> _Stored data_

★ ★ ★ ★ ★

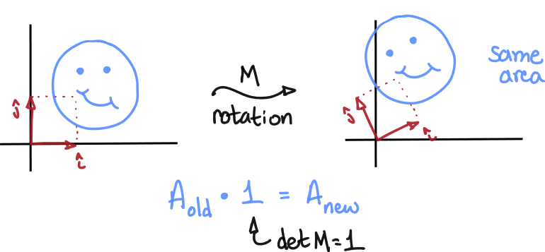 If is a matrix whose corresponding linear transformation is a rotation, then , since rotations preserve area and do not cause mirroring.
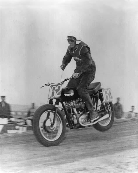 A bit of a stretch (pun intended).... here's a shot I love of Skip Van Leeuwen when he was a novice around 1960 TT racing at Ascot with a broken throttle cable. He had a big lead when it broke and was able to finish and win pulling on the broken end of the cable! He and Eddie Mulder were West Coast pro TT specialists that used to give the factory guys fits at the National TT's in the 60's.
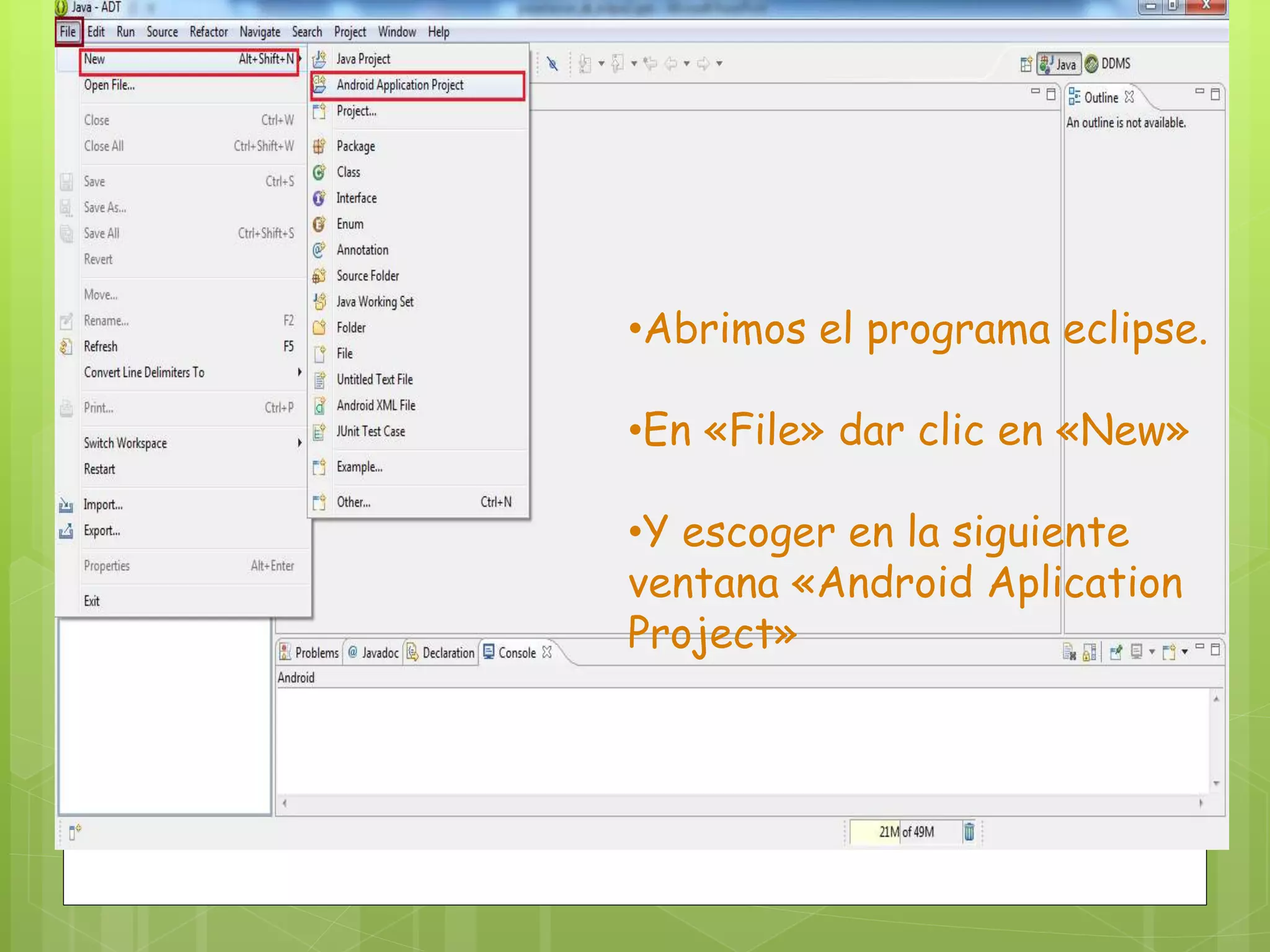 Este documento describe los pasos para crear una aplicación en Android Studio que suma o resta dos números. Incluye instrucciones como agregar cajas de texto, botones de radio y cajas de texto para mostrar el resultado. El documento también menciona abrir el proyecto en Eclipse y agregar código para realizar las operaciones matemáticas básicas.

★ ★ ★ ★ ★

> _Instructions for the task_
Could the lines from the top of the material through the line with "A bit of a stretch" be repeated exactly, pictures left out?

> _Reply_
 If is a matrix whose corresponding linear transformation is a rotation, then , since rotations preserve area and do not cause mirroring.
 A bit of a stretch (pun intended).... here's a shot I love of Skip Van Leeuwen when he was a novice around 1960 TT racing at Ascot with a broken throttle cable. He had a big lead when it broke and was able to finish and win pulling on the broken end of the cable! He and Eddie Mulder were West Coast pro TT specialists that used to give the factory guys fits at the National TT's in the 60's.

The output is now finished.